Misalnya, seorang hakim yang ideal adalah yang bisa secara paripurna menelaah semua aspek dari persoalan yang dihadapkan kepadanya. Jika ia mampu melakukan itu, sang hakim bisa menemukan jawaban yang paling benar. Masalahnya, praktik hukum mengajarkan hal yang berbeda. Hukum memberikan peluang bagi semua orang rasional untuk berbeda pendapat dan berbeda kesimpulan untuk kasus yang sama. Di sinilah letak kritik Stolker, jika hukum tak bisa memberikan jawaban yang benar, masih layakkah hukum diberi tempat di universitas? “Kta akan sakit hati apabila hal itu terjadi,” jawab Anton.

Pernyataan Stolker itu sebenarnya tak lepas dari pengalaman dirinya berdiskusi dengan akademisi kimia saat fakultas hukum Universitas Leiden akan pindah ke bekas gedung laboratorium kimia. Dekan Fakultas Matematika dan Ilmu Alam yang menjadi lawan bincang Stolker meragukan keilmiahan penelitian ilmu hukum. “Untuk menjaga suasana, saya coba menghindar,” kata Stolker, seperti dikutip Anthon.

Menurut Anthon F. Susanto, pesan penting cerita Stolker adalah agar ilmuan hukum tetap dapat mempertahankan keilmiahan ilmu hukum. Selain itu, para akademisi hukum harus mampu mengkomunikasikan keilmiahan ilmu hukum itu dengan ilmuan bidang lain. Dikatakan Anthon, pandangan Stolker tak sepenuhnya benar. Ada juga sarjana lain yang menolak pandangan Stolker. Karya Stolker diterjemahkan dan dipakai secara terbatas di lingkungan Universitas Parahyangan Bandung (Tentang Keilmiahan Ilmu Hukum, 2010).

9 Syarat
Stolker tak hanya asal bicara. Ia juga memberikan jalan keluar. Menurut akademisi Belanda ini ada 9 syarat yang harus dipenuhi jika ingin meningkatkan keilmiahan ilmu hukum.

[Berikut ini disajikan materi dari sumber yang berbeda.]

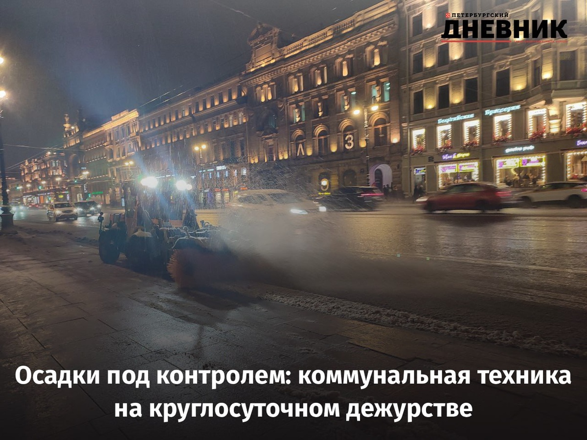 ❄️ Снег без последствий: как город справляется с осадками Сегодняшние осадки не доставили Петербургу серьёзных неудобств: снег начал идти днём и шёл неспешно, а дорожные службы заранее распределили противогололёдные материалы. Благодаря этому снег не задерживался на улицах и уходил в ливнёвку, не позволяя образовываться наледи. К вечеру интенсивность осадков увеличилась, и коммунальные службы перешли к прометанию, чтобы обеспечить безопасное движение пешеходов и транспорта. Часть техники остаётся в режиме постоянного дежурства на случай ухудшения погоды. Ночью улицы очистят от накопившейся снежной каши и вновь обработают реагентами — утром петербуржцев ждут чистые и безопасные тротуары и дороги. Фото: Александр Глуз Подписаться на Петербургский дневник в МАХ
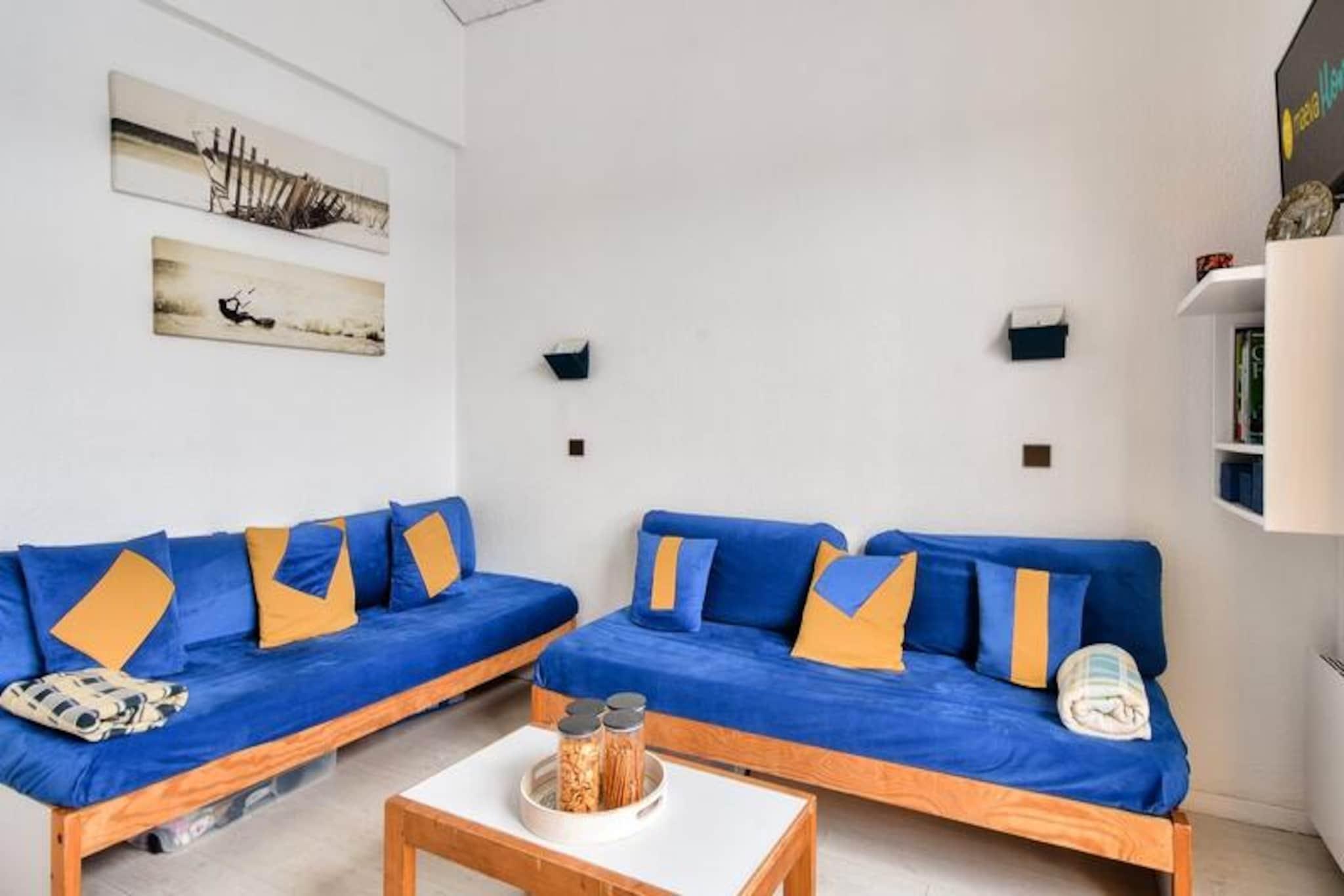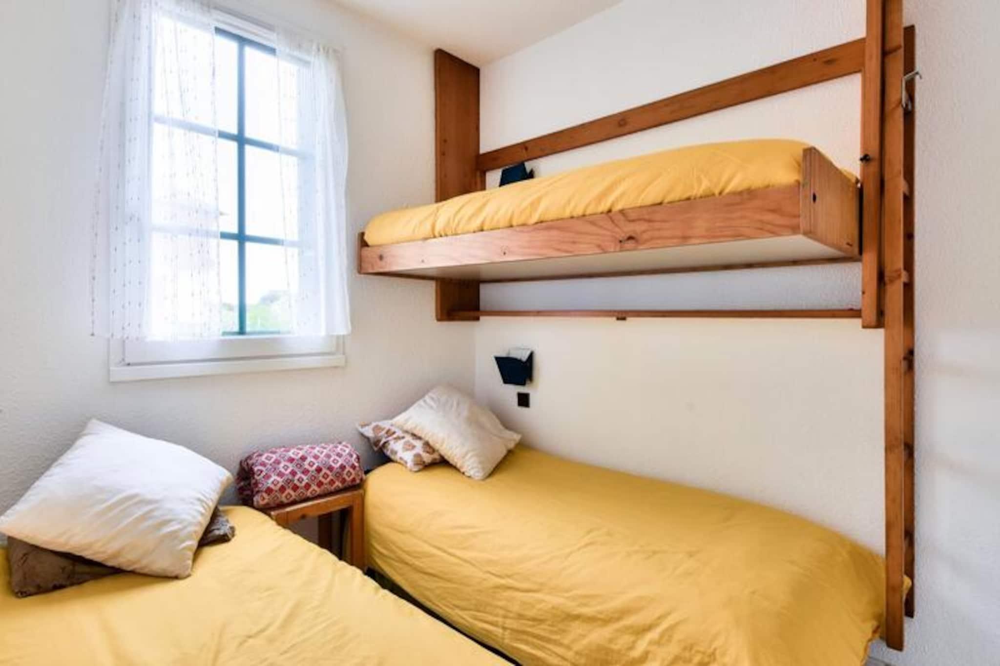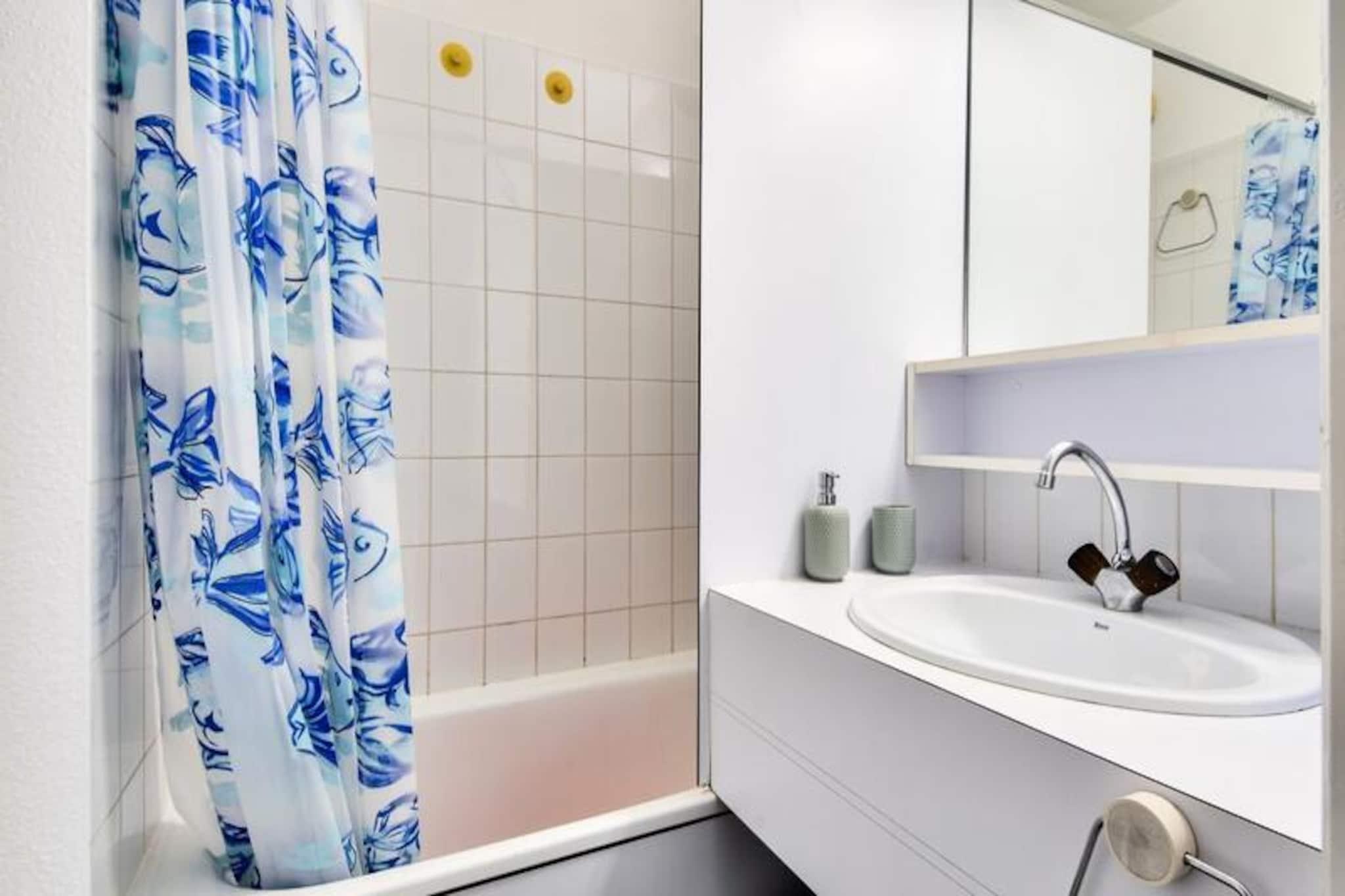 Denne charmerende lejlighed, beliggende i en fodgængerlandsby, tilbyder komfortabel indkvartering for op til 5 personer. Den har en stue med en sovesofa og en dagseng med en trille i soveværelset. Lejligheden er kæledyrsvenlig, så gæsterne kan medbringe deres lodne ledsagere mod et ekstra gebyr. Enheden omfatter et badeværelse med badekar, et separat toilet og alle de nødvendige faciliteter til et afslappende ophold. En privat balkon tilbyder et fredeligt sted at slappe af og nyde den omkringliggende udsigt. Der er gratis parkering på stedet for ekstra bekvemmelighed. Boligen er ideelt beliggende for at udforske områdets naturlige skønhed med adgang til nærliggende aktiviteter, herunder to 18-hullers golfbaner, tennis og minigolf. Gæsterne kan nyde de naturskønne omgivelser, herunder en sø og en fyrreskov, og stranden ligger kun 2,5 km derfra og er tilgængelig med shuttle eller cykel. Landsbyens centrum, med dets butikker, pizzeria, bageri og bar, ligger kun en kort gåtur væk, og tilbyder et stort udvalg af spisemuligheder og lokale lækkerier. Det fuldt udstyrede køkken i lejligheden har et halvåbent layout og inkluderer alle nødvendige apparater til at tilberede måltider. Der er et spisebord til at nyde måltider sammen, og lejligheden er udstyret med en hårtørrer og opbevaringsplads for bekvemmelighed. Adgang til flere swimmingpools, herunder en opvarmet pool, rutsjebaner og et soppebassin med vandspil, er inkluderet, hvilket gør det til en ideel destination for familier, der ønsker at slappe af og nyde vandet.

Pertama, peneliti hukum harus memiliki cukup ambisi untuk melaksanakan inovasi. Kedua, harus lebih banyak perhatian pada personalitas peneliti. Ketiga, harus lebih banyak perhatian pada metode dan teknik penelitian. Keempat, ilmu hukum harus merupakan sistem yang terbuka. (Baca juga: Mau Jadi Sarjana Hukum Indonesia Berkarier Global? Ini Tipsnya).

Kelima, harus lebih banyak perhatian bagi pengembangan indikator penelitian yang lebih baik. Keenam, mengambil jarak dari mereka yang bukan ilmuan. Ketujuh, lebih banyak perhatian pada aspek penelitian empiris. Kedelapan, lebih banyak terlibat dalam debat internasional. Kesembilan, melakukan upaya-upaya menuju universitas scientiarum yang sesungguhnya.